- [RECORDS SUPPLIED]
_ _ _ _ _ _ _

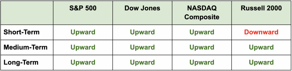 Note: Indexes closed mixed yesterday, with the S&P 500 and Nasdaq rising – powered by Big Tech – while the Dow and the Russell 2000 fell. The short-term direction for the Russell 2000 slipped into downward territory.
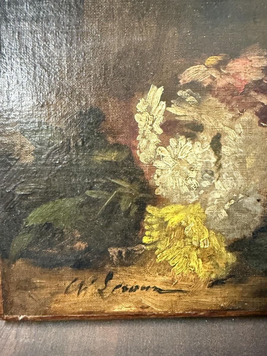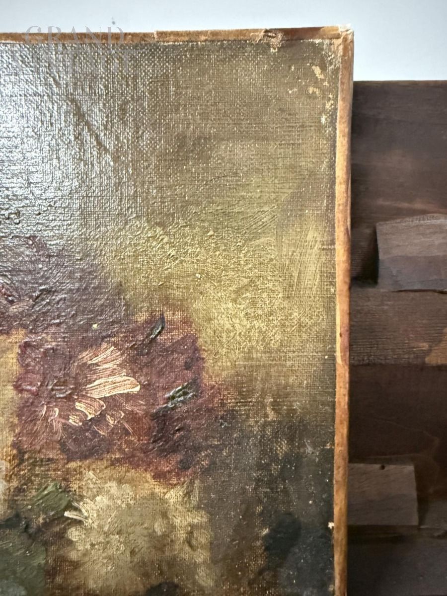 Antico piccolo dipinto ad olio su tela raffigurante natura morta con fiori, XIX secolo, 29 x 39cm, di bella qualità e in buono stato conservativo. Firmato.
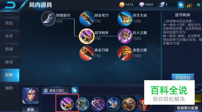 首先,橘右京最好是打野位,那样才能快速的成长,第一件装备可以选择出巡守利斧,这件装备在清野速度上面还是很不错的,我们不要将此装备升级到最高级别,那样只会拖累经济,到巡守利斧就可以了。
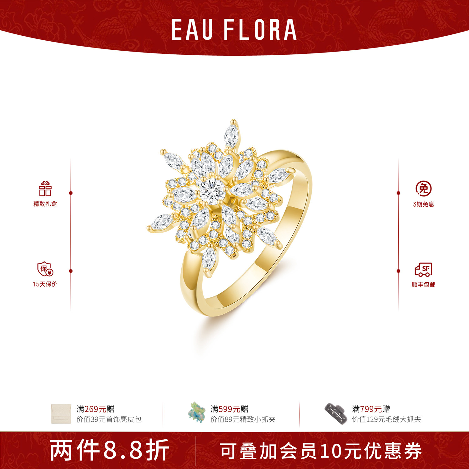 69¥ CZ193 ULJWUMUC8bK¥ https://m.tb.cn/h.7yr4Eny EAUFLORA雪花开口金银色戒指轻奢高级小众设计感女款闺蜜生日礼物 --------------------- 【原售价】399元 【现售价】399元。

_ _ _ _ _ _ _

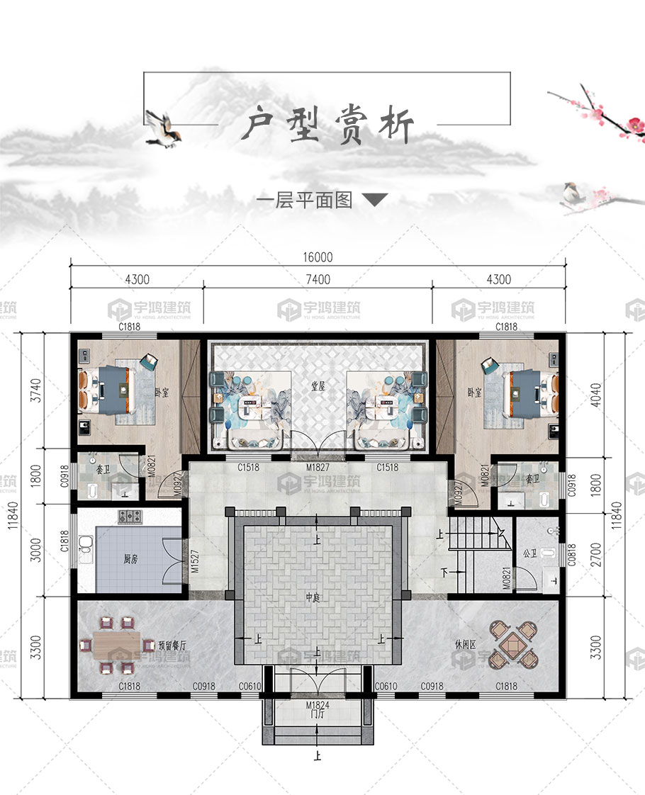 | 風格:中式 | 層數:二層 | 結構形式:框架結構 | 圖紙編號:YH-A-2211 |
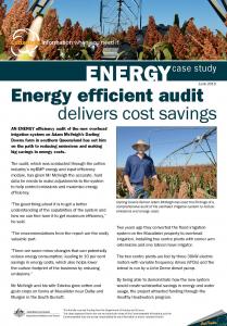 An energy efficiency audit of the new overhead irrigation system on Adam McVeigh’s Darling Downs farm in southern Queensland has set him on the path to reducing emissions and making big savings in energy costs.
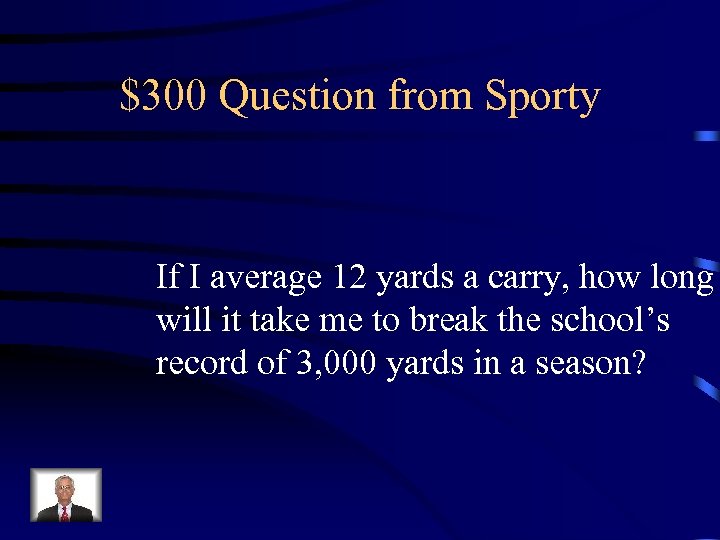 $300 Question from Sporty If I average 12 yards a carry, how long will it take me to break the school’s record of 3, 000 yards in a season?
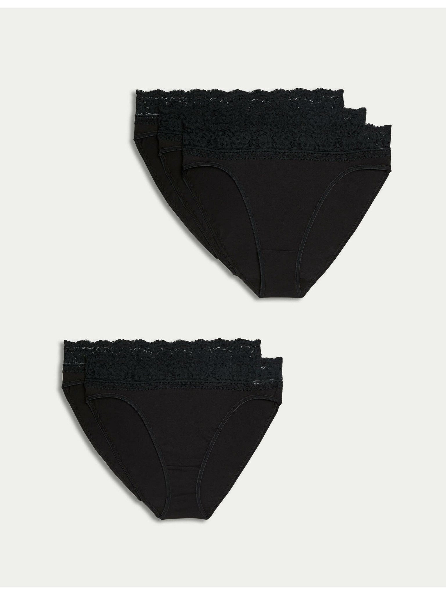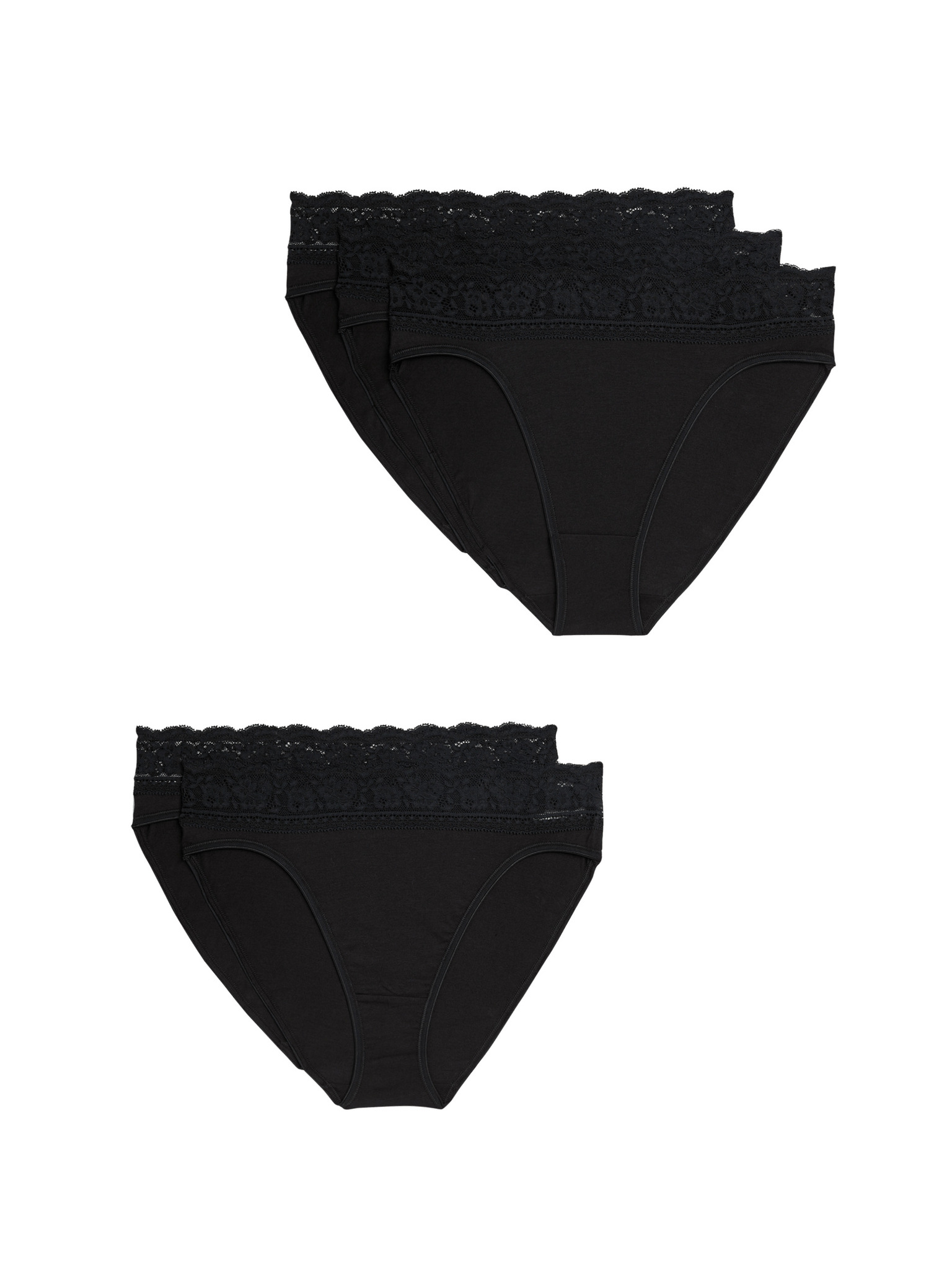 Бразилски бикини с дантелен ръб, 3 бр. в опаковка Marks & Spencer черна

_ _ _ _ _ _ _

- [EXERCISE PROMPT]
Skipping the pictures, print the lines in the listing above exactly as written, starting at the line with "in a season?" and ending at the line with "Бразилски бикини с", both included.

- [WRITTEN RESPONSE]
 $300 Question from Sporty If I average 12 yards a carry, how long will it take me to break the school’s record of 3, 000 yards in a season?
 Бразилски бикини с дантелен ръб, 3 бр. в опаковка Marks & Spencer черна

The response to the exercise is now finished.